Nintendo, as they’ve done many times before, started a huge trend when they released their NES Classic. The mini system flew off of store shelves, and even I remember waiting outside of a Best Buy two hours before they opened to try and get one. Other publishers took note of Nintendo’s success, and since then we’ve seen countless other “classic” consoles get announced, from the PlayStation Classic to the Commodore 64 Mini.
What we haven’t seen, however, is a classic console that can rival the quality and sheer value of Nintendo’s, perhaps, until now that is. Back in the 16-bit era Nintendo and Sega were in the heat of a console war, with each constantly trying to one-up the other. Some fantastic games came out of this competition, on both sides, and now the Genesis side of things gets its time in the sun, with the Sega Genesis Mini.
The Genesis Mini is easily the most impressive classic console I’ve seen since Nintendo’s efforts, both in terms of the game offering and how the hardware actually works. The Sega Genesis Mini comes with 40 games in total, plus two bonus titles of Tetris and Darius, classics in their own right.
Obviously this is quite a bit more than most classic consoles; literally double the games features in the PlayStation Classic. This allowed Sega to have a more diverse lineup, but it’s not just a matter of quantity over quality, as the selection of titles for the Genesis is great.
The Sega Genesis released before my time, as I was born in 1991, and even when I started playing video games I focused on Nintendo, because that’s what my family had. This is likely the story for many players, and the Genesis Mini presents an opportunity to catch up on a missed piece of gaming history.
Obviously, I’ve played many of the titles on the console over the years, but the Genesis Mini has an offering for all types of players.
Platformer fans get games like Sonic the Hedgehog, Sonic 2, Kid Chameleon, Mega Man The Wily Wars (which is the first three Mega Man games). RPG enthusiasts get the phenomenal Phantasy Star IV, Shining Force, Beyond Oasis, and more. Fighters have Street Fighter 2, Virtua Fighter 2, and Eternal Champions.
There’s honestly something for everyone, and a good mix of well-known titles and more obscure ones. Now that brings us to how the system actually functions, and it’s clear that Sega put some effort in on that regard.
Booting the system up, you’re greeted by a main menu with all of the titles displayed in a grid. Interestingly there’s brand new music for the menu composed by the legendary Yuzo Koshiro. The presentation here definitely matches the whole aesthetic of the Genesis, and by pressing B you can even view the titles in a side-view “shelf” kind of mode.
Clicking on each title gives you a brief description to give some idea of what kind of game it is and what it’s about, before pressing A to launch the game. All of the loading is super snappy, with just a few seconds to get into each game. On top of that everything runs super well, with not visual hitches whatsoever, at least in my experience.
The best feature of the system, however, is how easy it is to get out of each game and into a new one. At any time you can hold down the start button to bring up the system menu. Every game has five separate save slots you can use to instantly save your progress if you need to stop.
From this menu, you can select return to main menu, and within 5-10 seconds you’re instantly back. It’s all incredibly snappy, and it makes the overall experience so much better, letting you jump between games however you want.

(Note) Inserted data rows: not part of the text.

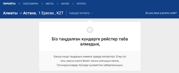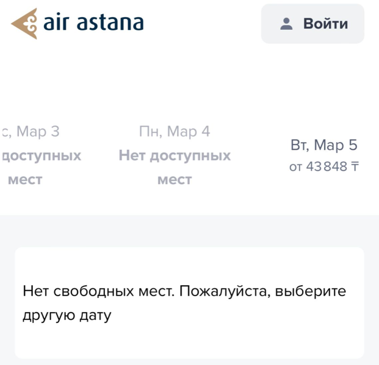 Аналогичная ситуация и с Air Astana, точнее, билеты на рейс уже выкуплены. Отметим, что направление Алматы – Астана является востребованным, по этой причине отсутствие билетов у компании – стандартная ситуация.
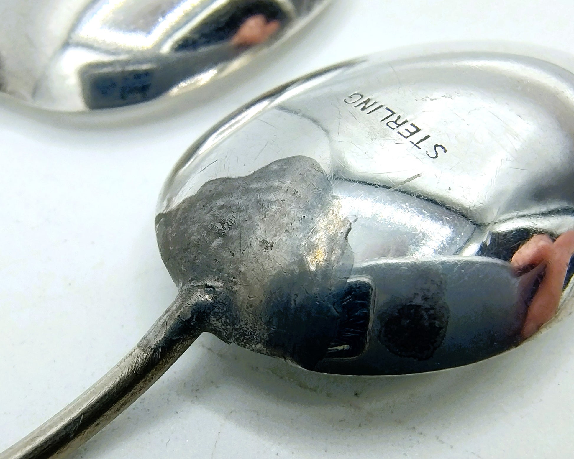 1 Löffel weist Lötspuren an der Griffbefestigung auf. Siehe auch das Foto.
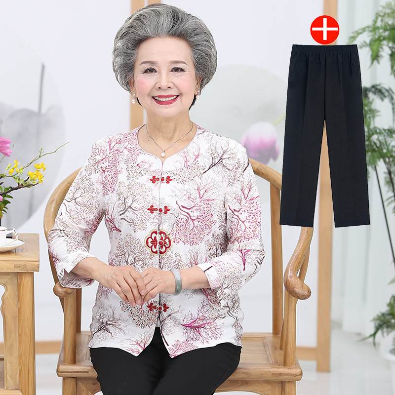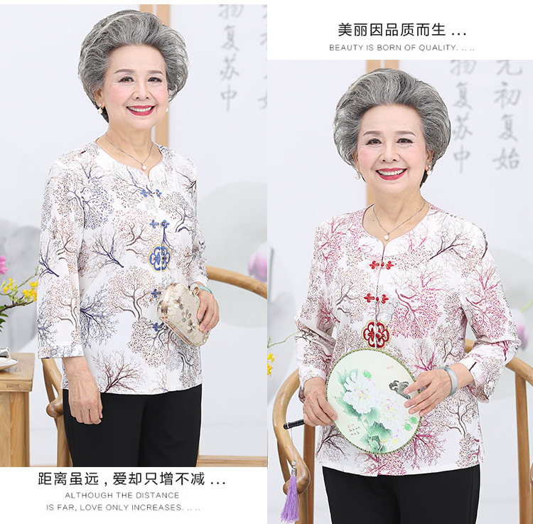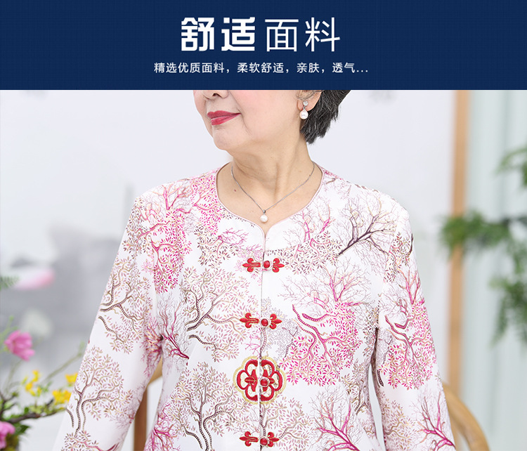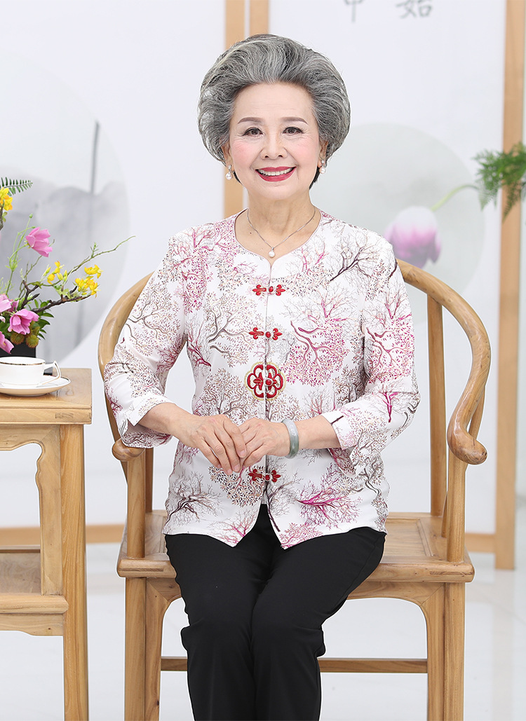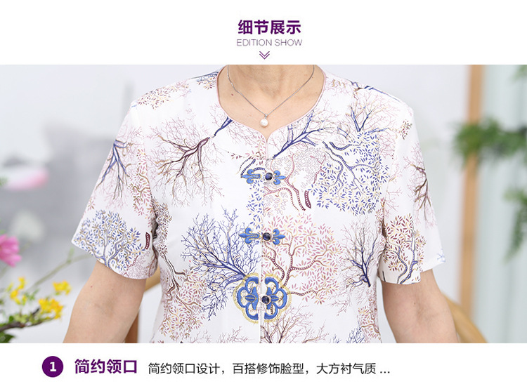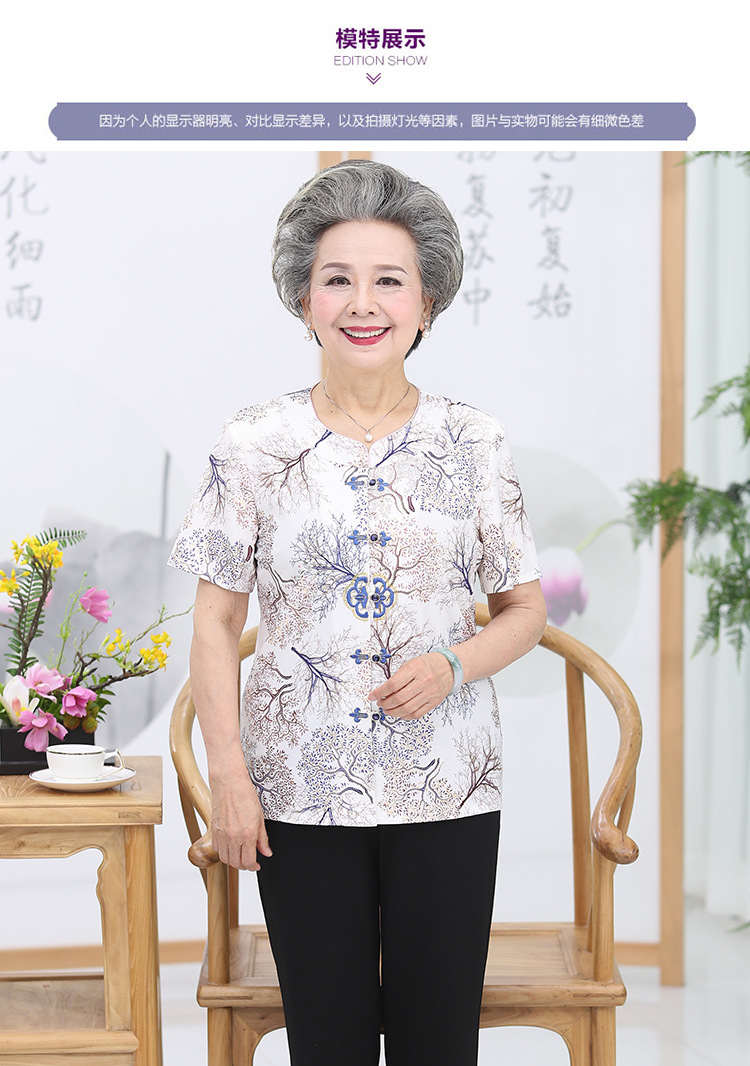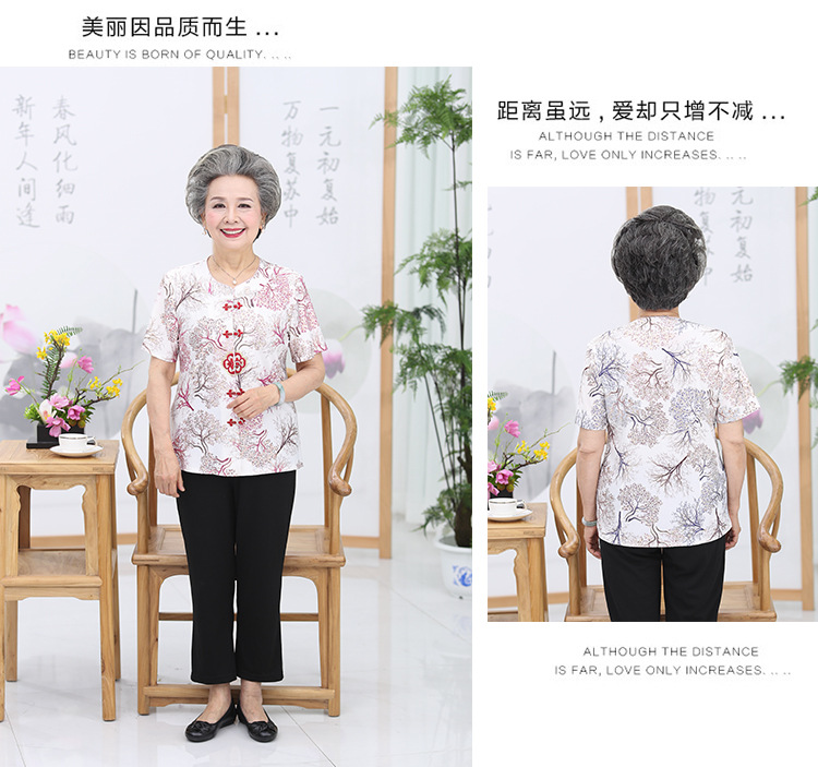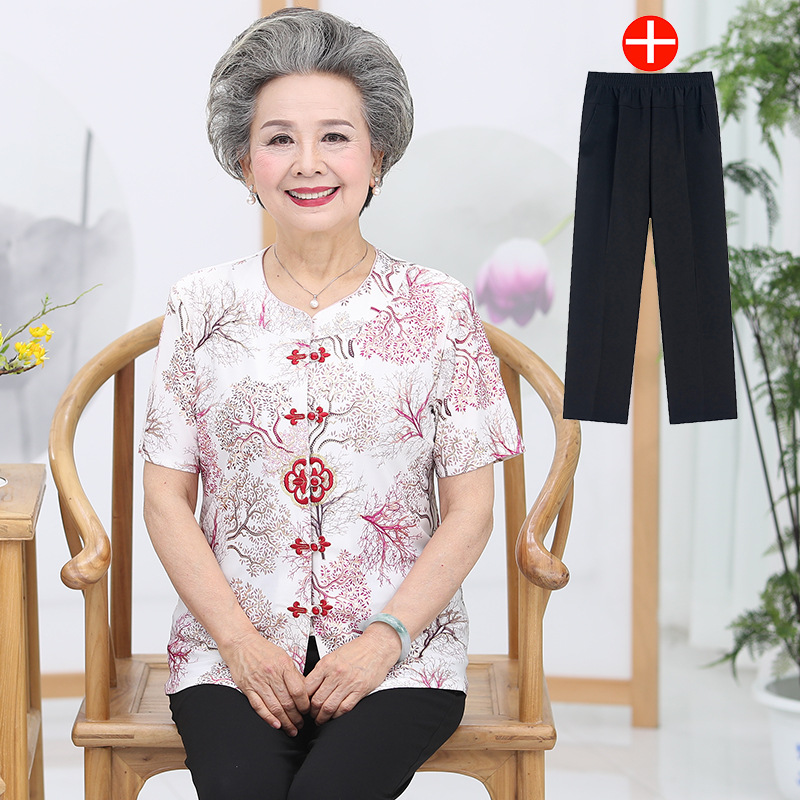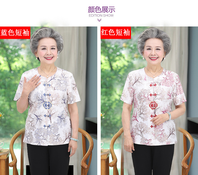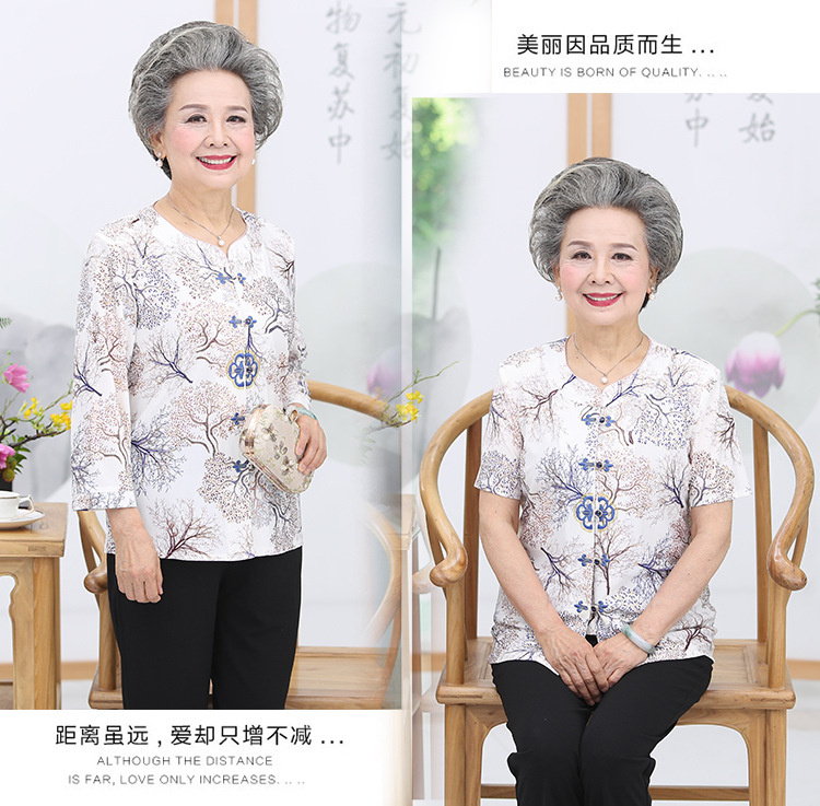 冰丝奶奶夏季套装中老年人女短袖上衣妈妈装七分袖70岁老太太衣服
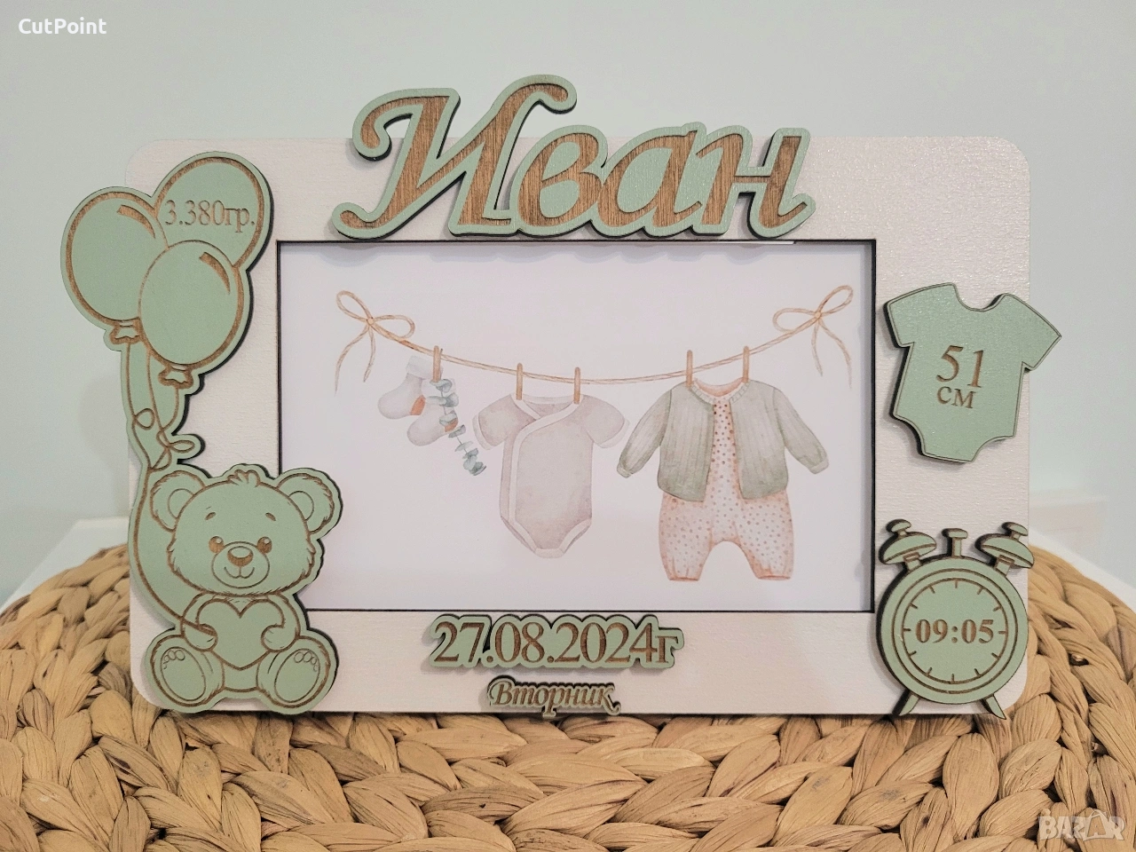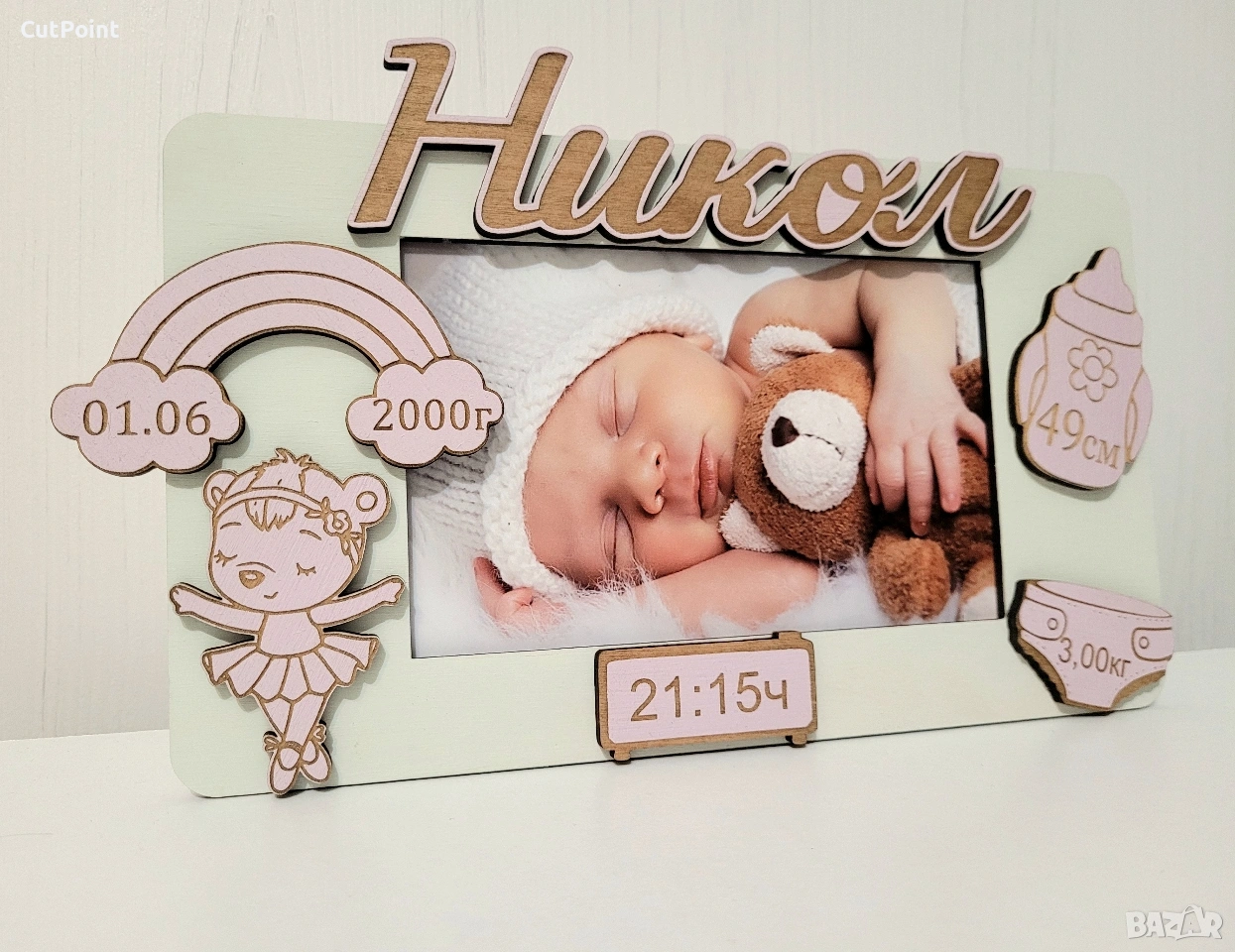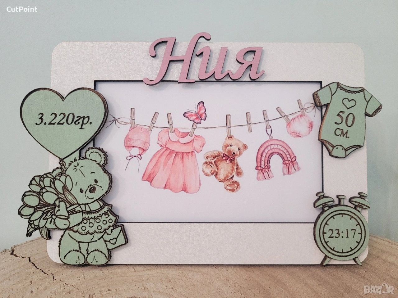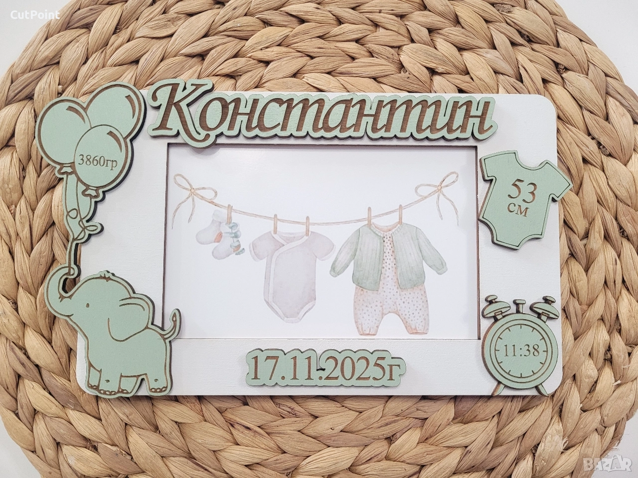 Персонализирана рамка за снимка. Подарък за бебе
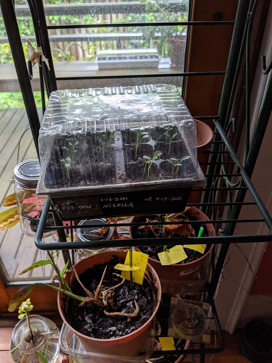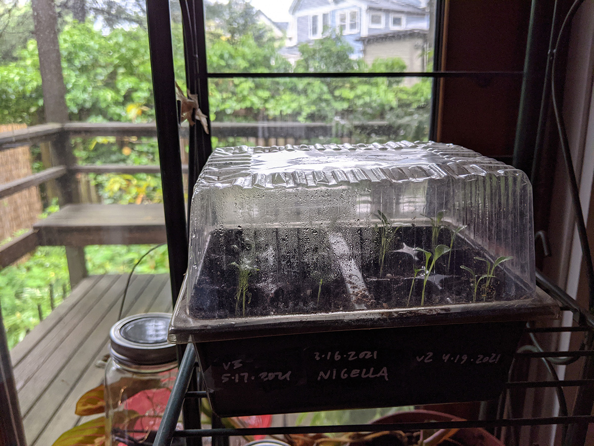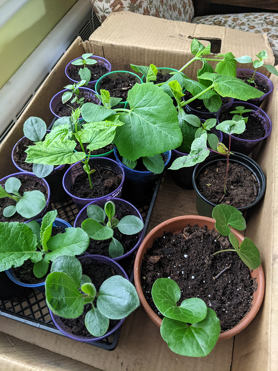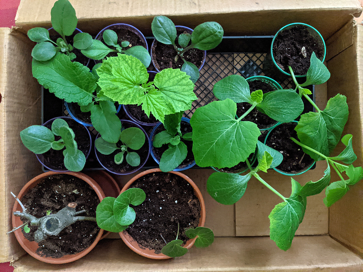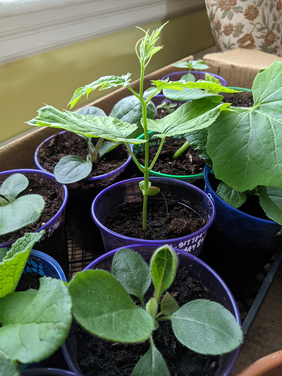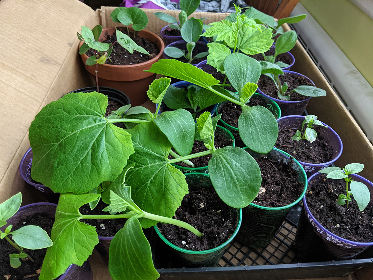 my father came to pick me up in the late morning because it was raining, and i moved out the last of my grow closet seedlings, including 4 buttercup squashes, 1 bitter melon, 6 thai basils, 5 rudbeckia 'cherokee sunset', and 2 snowy spires.
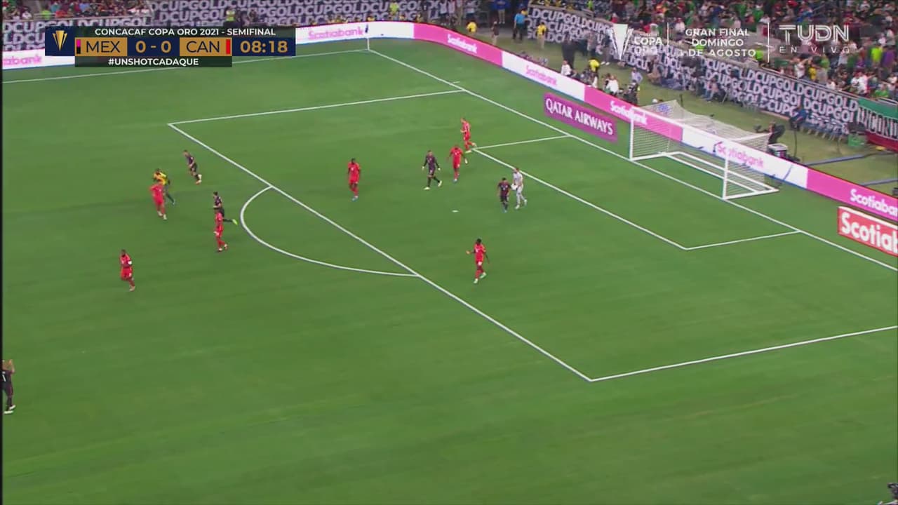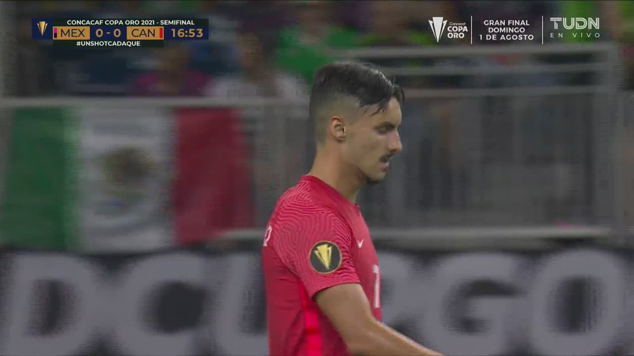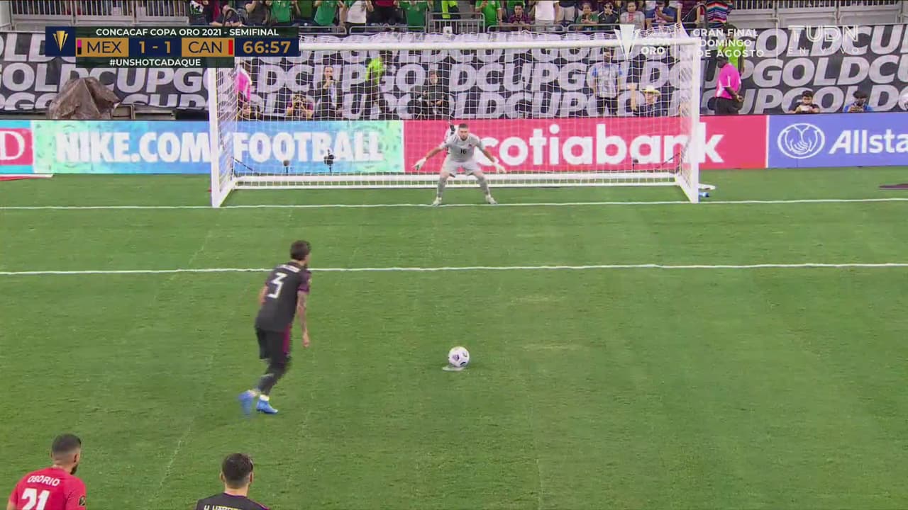 Orbelín Pineda cobra el penalti con autoridad engañando al portero y cobrando sin mucha potencia a un costado dejando sin oportunidad al portero canadiense para marcar el 1-0 para el Tri.
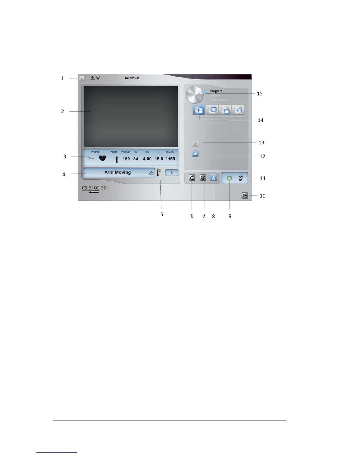 8 X-ray On/Off button: Enables or disables X-ray emission.

If you’re familiar with the recently released Sega Genesis Classics collection, then you have a pretty good idea of how things are organized for the Genesis Mini as well.
I’ve spent roughly ten hours playing half the games on the Genesis Mini, and so far I’ve been having a blast with it. The hardware makes it super easy to experience these classics, whether you’re playing them for the first time or the umpteenth.
Obviously, you’ll need to at least have a passing interest in these classic games, but in a recent trend of mediocre classic consoles, I’m glad to see Sega put real effort into their own.